3.Restrictions on Transfer of Appreciation Rights. Except as otherwise determined by the Committee, neither the Appreciation Rights evidenced hereby nor any interest therein shall be transferable prior to payment to the Participant pursuant to Section 5 hereof other than by will or pursuant to the laws of descent and distribution.
4.Exercise of Appreciation Rights. The Appreciation Rights shall be automatically exercised upon the earliest to occur of: (i) the two-year anniversary of the Date of Grant, (ii) the Participant’s death, or (iii) the Participant’s Disability.
5.Form and Time of Payment of Appreciation Rights.
(a)Payment for the Appreciation Rights shall be made in the form of a lump sum cash payment in an amount equal to the aggregate Spread of the Appreciation Rights.

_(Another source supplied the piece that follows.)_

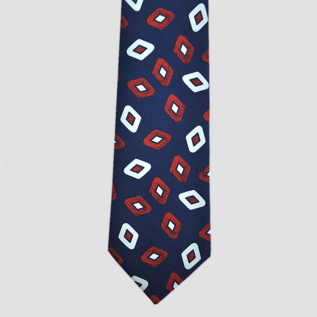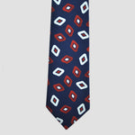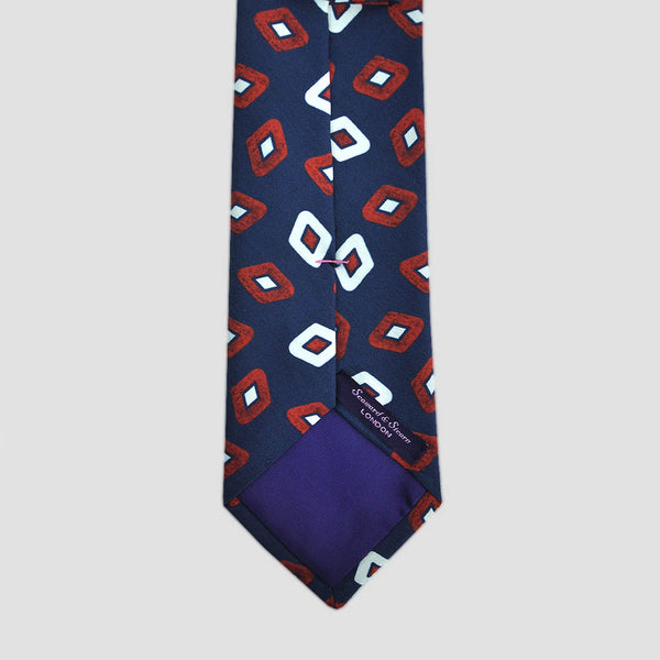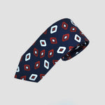 English Silk Falling Diamonds Tie in Navy, Claret & White

(b)Payment for the Appreciation Rights shall be made within 30 days after the earliest of the following: (i) the two-year anniversary of the Date of Grant, (ii) the Participant’s death or (iii) the Participant’s Disability.
(c)The Company’s obligations to the Participant with respect to the Appreciation Rights will be satisfied in full upon the payment of cash corresponding to such Appreciation Rights by the Company.
6.Rights of the Participant. The obligation of the Company under this Agreement will be merely that of an unfunded and unsecured promise of the Company to deliver cash in the future, and the rights of the Participant will be no greater than that of an unsecured general creditor. No assets of the Company will be held or set aside as security for the obligations of the Company under this Agreement.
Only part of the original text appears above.